What this doesn't seem to consider is 'required' vs 'optional' vs 'deferred' maintenance and repairs. And therefore this chart might say more about the owners than the brands.
One interpretation of this chart is: if you can afford (or care to own) an expensive car, you can afford (or care) to do any and all maintenance and repairs. Conversely if you buy a cheap car you might not be able to (or care to) spend money on maintenance and repairs. A simple maintenance example would be putting off oil changes for a few thousand miles if you're cheap about your car. A simple repair example is that a dent in a Mercedes might be more likely to be fixed than a dent in a Buick (for a number of reasons).
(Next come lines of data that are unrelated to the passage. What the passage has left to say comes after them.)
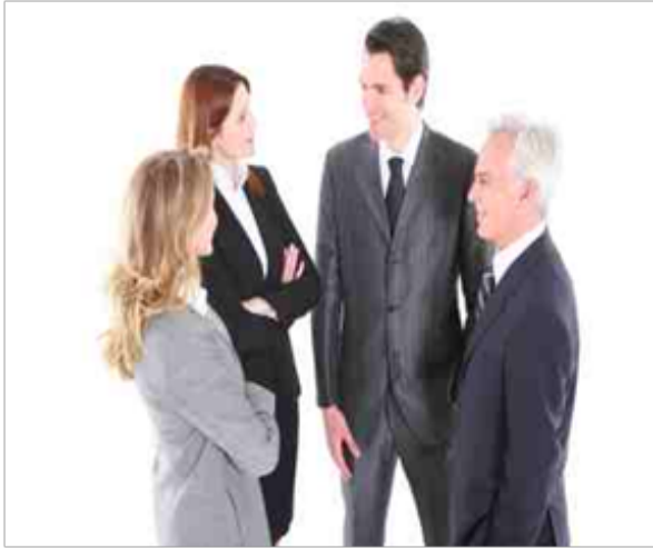
Figure 4. Businessman and businesswoman standing chatting (k6713068 Fotosearch Stock Images Photograph Royalty Free, 2017). Source: Fotosearch Stock Images Photograph Royalty Free. (2017). Businessman and businesswoman standing chatting. Retrieved from http://www.fotosearch.com/CSP671/k6713068/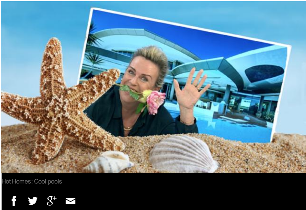
Hot Homes: Cool pools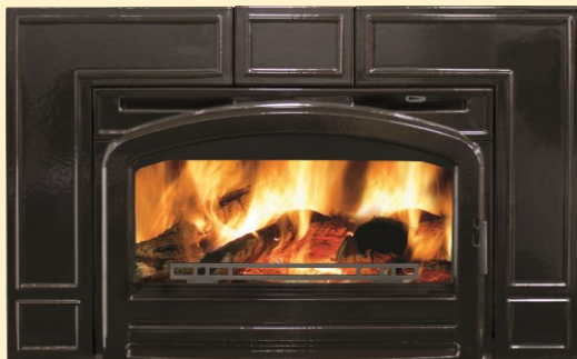
TI3TN-1 Traditional Wood Insert

Self-contained and more efficient than an existing woodburning fireplace opening, a woodburning insert is a great way to ensure that your home is running more productively. Venting out the existing chimney, woodburning inserts ensure that drafts can no longer enter your home. These inserts are built to exceed standards for clean-burning which ensures loads of even heat and comfort for hours on end. Whether you go with a contemporary, clean-lined look or something a little more on the traditional side, there is nothing compared to the joy and scent of building your own wood-burning fire in a woodburning insert.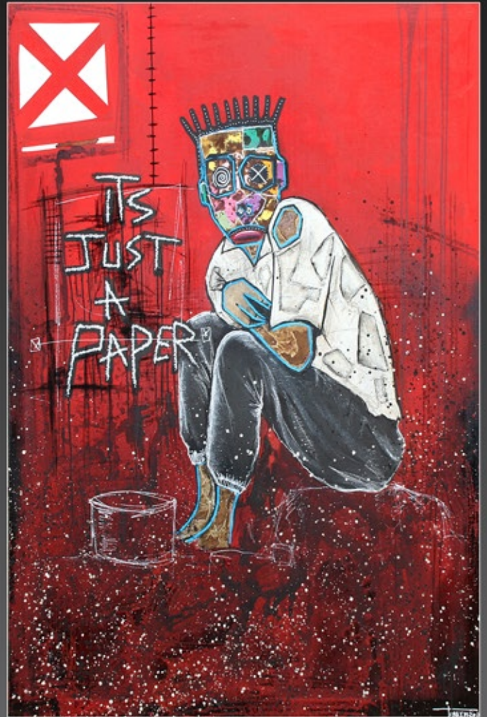
Rich in your heart - 100 x 150 cm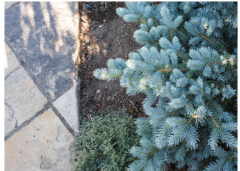
Example of proper non-combustible surface separation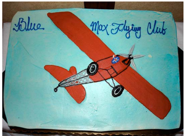
Dessert from Deerfield Bakery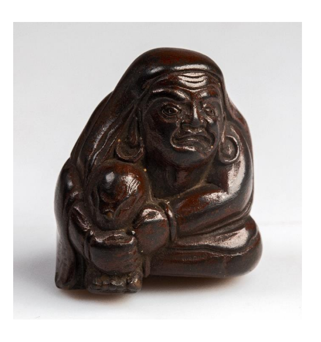
3/ Object 11.556, from the front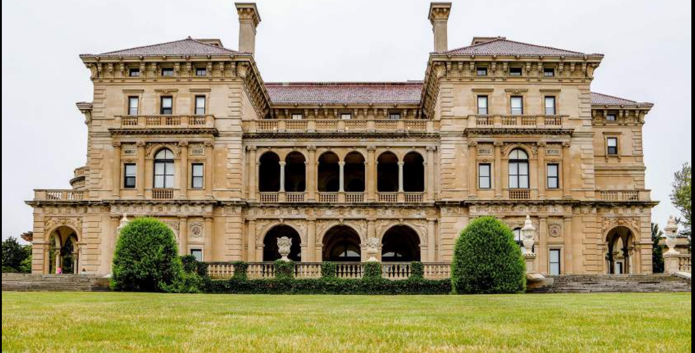
Vanderbilt Summer Cottage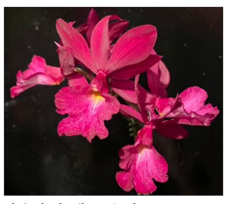
Phaiocalanthe Liberty Creek

in March 2019. While most taxonomists consider this a monotypic genus, there is a second species, Ludisia ravanii listed in Orchidwiz, though no details about it are given. Over the years, Lus. discolor has been described using more than 25 different botanical names including placing it in Goodyera , the genus of our native Rattlesnake Plantain ( Goodyera pubes -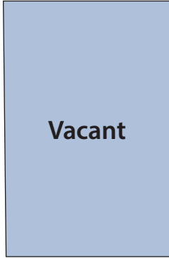
Vacant District K-2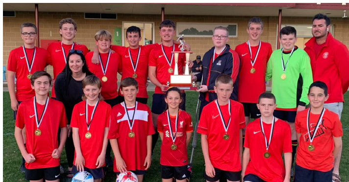
Junior High Premiers.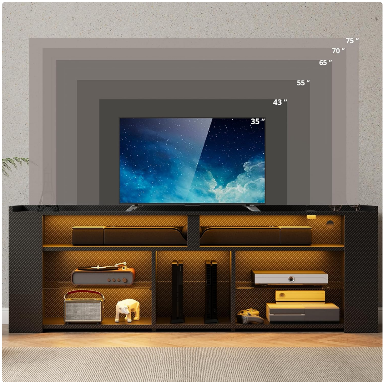
Visual representation of TV size compatibility, demonstrating how different TV sizes fit on the 70.9-inch entertainment center.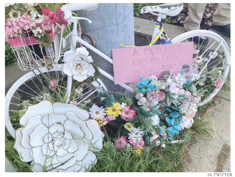
The white ghost bike for Sarah Langenkamp on River Road in Bethesda.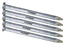
Cule pentru beton de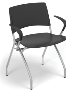
1704 With arms 22 lbs

Exceeds BIFMA Seating Durability Test to 500 lbs CAL 133, add $93 List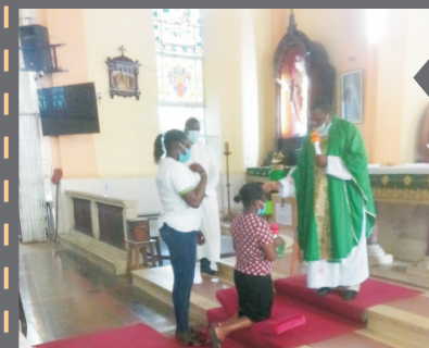
Ms. Perpetua being officially received in the Catholic Church just a day before her wedding.

We are inviting all married couples, religious men and women to a Marriage Encounter Original Weekend at Diani Forest Lodge- Ukunda from 3rd December to 5th December 2021, check in time 6:00pm. Charges will be Ksh 7,000 per couple, priest & Religious Ksh 3,500. For more information, contact 0722686249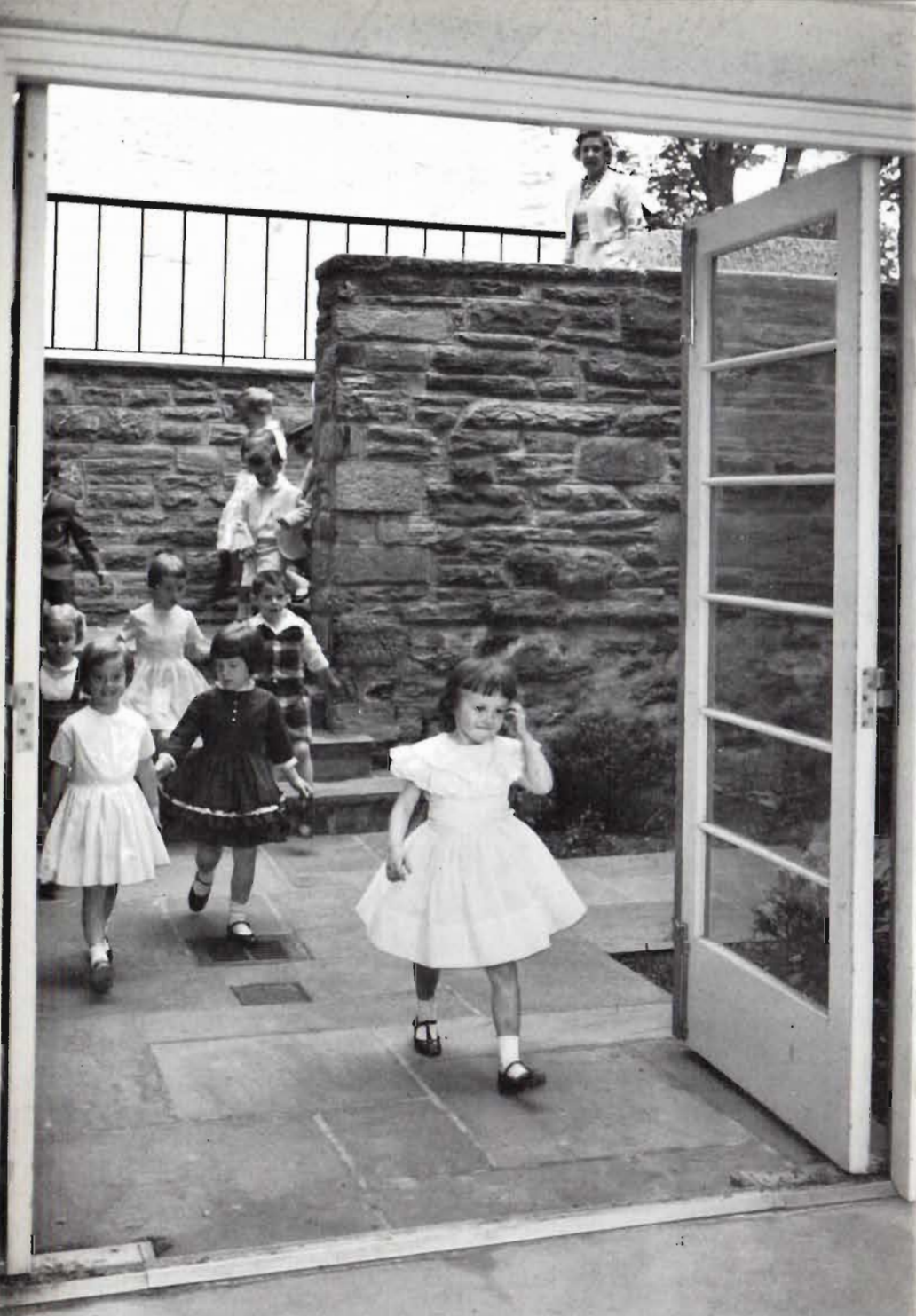
Church School Kindergarten children enter their new Kindergarten Room by way of the sunken garden entrance.

Another interpretation is: All cars require the same number of maintenance and repairs, but expensive cars have expensive M&R. Which would be no surprise to buyers in either end of the spectrum.

I think there are a couple of dimensions here. First off, expensive cars tend to require expensive parts (synthetic oil, etc). That is likely a big part of why all the luxury cars jump to the top of the list. On a similar theme, expensive cars have more parts / features that can break so you'd expect more repairs and maintenance required.

Once you control for the luxury vs mainstream factor, then I think you're likely seeing real reliability signals. Note Subaru, Volkswagen, and Jeep being the three most expensive. That is consistent with other reports of brand reliability.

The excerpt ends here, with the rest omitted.